Jake’s Cautionary Tale

Golden Retriever

Source: Wikipedia

An urgent call came in to the hospital in early December. Jake’s owner was on the line. “Jake has been coughing up phlegm and blood. What should I do?” We recommended that he be brought in to our hospital immediately.

Jake arrived and we rushed him directly to the treatment area. I could see that he was very lethargic, had pale gums and a bruised underbelly. He normally comes into our hospital wagging his golden tail and is so happy to see us, but he yelped when I started his exam. His owner said, “Jake has been eating less lately and seemed to be in pain when we lifted him into the car.” Based on what I saw, this looked like a possible case of rodenticide toxicity.
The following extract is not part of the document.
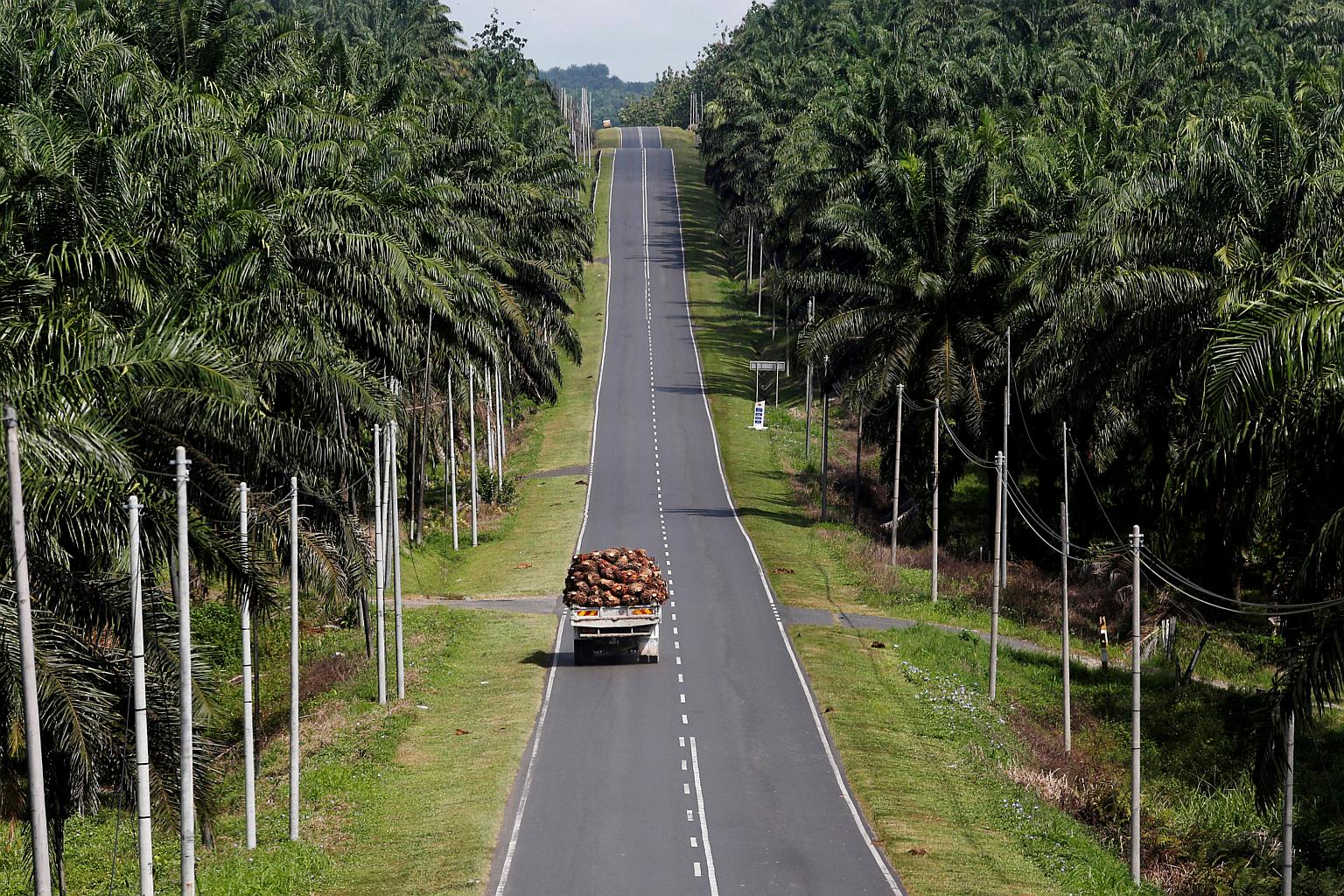 A truck carrying oil palm fruits passes through Felda Sahabat plantation in Sabah.

Radiographs and blood testing confirmed my suspicion. We started Jake immediately on oxygen therapy and he was given vitamin K, the antidote for rodenticide toxicity. But despite treatment, Jake’s health worsened and his red blood cell count got dangerously low. We knew it was time for a blood transfusion. He spent several days in critical condition on oxygen therapy and received multiple blood transfusions at the emergency hospital before making a full recovery. We are so happy to see his wagging tail again, especially knowing how close we were to losing him.

Jake’s story is a cautionary tale to all with pets and children. Rodenticide can kill more than just rodents, including wildlife such as hawks and owls. Rodent poison interferes with Vitamin K, which is required for blood to clot normally. Jake was bleeding internally into his chest and his joints. Our hospital sees many animals have ingested rat poison or rats that have eaten poison, and are close to death by the time they arrive.

Here are some safe methods for ridding your home of rodents.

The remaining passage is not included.